Hah! You drugged her to get those photos!









She's a cutie, lots darker than Valkyrie!


----------



## doggiedad (Dec 2, 2007)

what "Led" you to Zeppelin??? nice looking
puppers.


----------



## Bcannie (Jul 8, 2009)

> Originally Posted By: doggiedadwhat "Led" you to Zeppelin??? nice looking
> puppers.


Do you mean the name or the dog?











> Originally Posted By: middleofnowhereHah! You drugged her to get those photos!
> 
> 
> 
> ...


These are some of the first still pics I have been able to get!! I was thinking how calm she looked when I posted them!

I just noticed the face darkening this last week. Her legs have lightened up alot too.


----------



## JakodaCD OA (May 14, 2000)

she is gorgeous !!!


----------



## Rei (Oct 10, 2008)

Woah, now THIS is the puppy that *occasionally* acts up? I don't believe it! She looks like an absolute angel... albeit a very determined, spunky little angel. Was Trent ever that cute?

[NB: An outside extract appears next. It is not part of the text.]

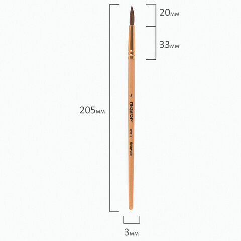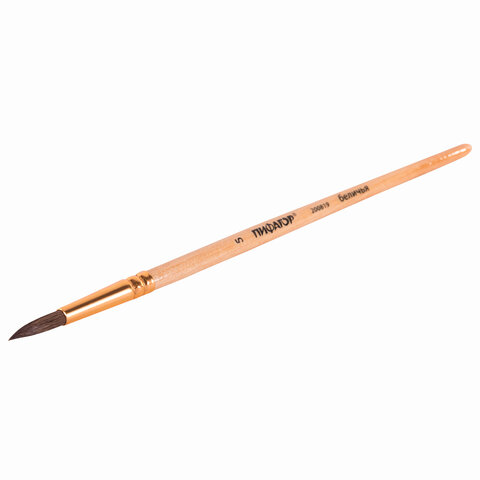 Кисть ПИФАГОР, БЕЛКА, круглая, № 5, деревянная лакированная ручка, с колпачком, 200819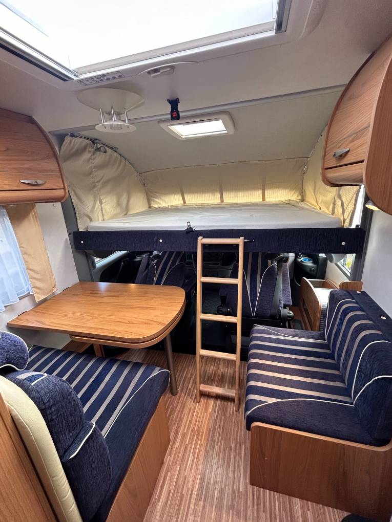 Step inside and immerse yourself in a world of comfort and convenience. The spacious cab comes fully equipped with cruise control, a reverse camera, electric windows and mirrors, and built-in blinds for privacy at any time. The two captain's seats rotate seamlessly to become part of the dining area, where an adjustable table offers the perfect space for meals or games and with two forward-facing seats featuring seat belts, the dining area easily transforms into a cosy bed, ideal for small children.

I have to admit I'm overcome by puppy fever right now - what a beauty
















Trent's coloring was very similar at this age. His cheek markings faded and his face darkened, while his legs seemed to have lightened in the front and back.


----------



## cassadee7 (Nov 26, 2009)

Oh cool I didnt know there was another vom HausReid on the board! Does she had the same sire and dam as Trent? She is gorgeous


----------



## Bcannie (Jul 8, 2009)

> Originally Posted By: cassadee7Oh cool I didnt know there was another vom HausReid on the board! Does she had the same sire and dam as Trent? She is gorgeous


Yes, same sire and dam. There are a few more of us around also, but some don't come here too often. Middleofnowhere has one from a litter two weeks after mine, and someone else has one from my pups litter, as well as someone who has a Trent littermate.


----------



## littledmc17 (Apr 9, 2008)

so handsome 
Looks like my Brady at that age


----------



## doggiedad (Dec 2, 2007)

very good, very, very good!!!



> Originally Posted By: bcannie
> 
> 
> > Originally Posted By: doggiedadwhat "Led" you to Zeppelin??? nice looking
> ...


----------



## middleofnowhere (Dec 20, 2000)

And the late Barker the Younger was a vom Hause Reid dog.


----------



## Bcannie (Jul 8, 2009)

I need more pics of Valkyrie! (How's the barking going btw?)


----------



## ch3ckpo1nt (Nov 30, 2009)

Wish my pups ears were up







Turns 20 weeks next Sunday. Cute pup you got there!


----------



## Bcannie (Jul 8, 2009)

ch3ckpo1nt... I don't know if it has anything to do with it, but it seems like in the past the larger my sheps were full grown, the longer their ears took to stand up. Although Trent's (REI's pup) were up from the time she brought him home and he is not small. Zep's did the one eared flop and then the teepee thing for awhile before standing up. How did the taping go with your pup?


----------



## doggiedad (Dec 2, 2007)

help me, i don't understand your comment.



> Originally Posted By: middleofnowhereAnd the late Barker the Younger was a vom Hause Reid dog.


----------



## middleofnowhere (Dec 20, 2000)

DD - Valkyrie is my second vom Haus Reid dog. Barker the Younger died February 1 2009. She was another Ray Reid dog. (Clearer?)


----------



## mjbgsd (Jun 29, 2004)

What an adorable puppy!


----------



## middleofnowhere (Dec 20, 2000)

You gottem!

Lots of Barking at Petsmart! Whooo that place has an echo! Some barking at the barn. Barks when tied to a stationary tether at the barn. Occassionally barks at me. Barks at the rake big time. (Kill It! Kill It!)


----------



## ch3ckpo1nt (Nov 30, 2009)

> Originally Posted By: bcanniech3ckpo1nt... I don't know if it has anything to do with it, but it seems like in the past the larger my sheps were full grown, the longer their ears took to stand up. Although Trent's (REI's pup) were up from the time she brought him home and he is not small. Zep's did the one eared flop and then the teepee thing for awhile before standing up. How did the taping go with your pup?


Eh, one ear is just flopping over the head and the other one just lays down. I took the strips out because they weren't working well. On occasion, both ears will stand but only a minute or so. Time will tell.


----------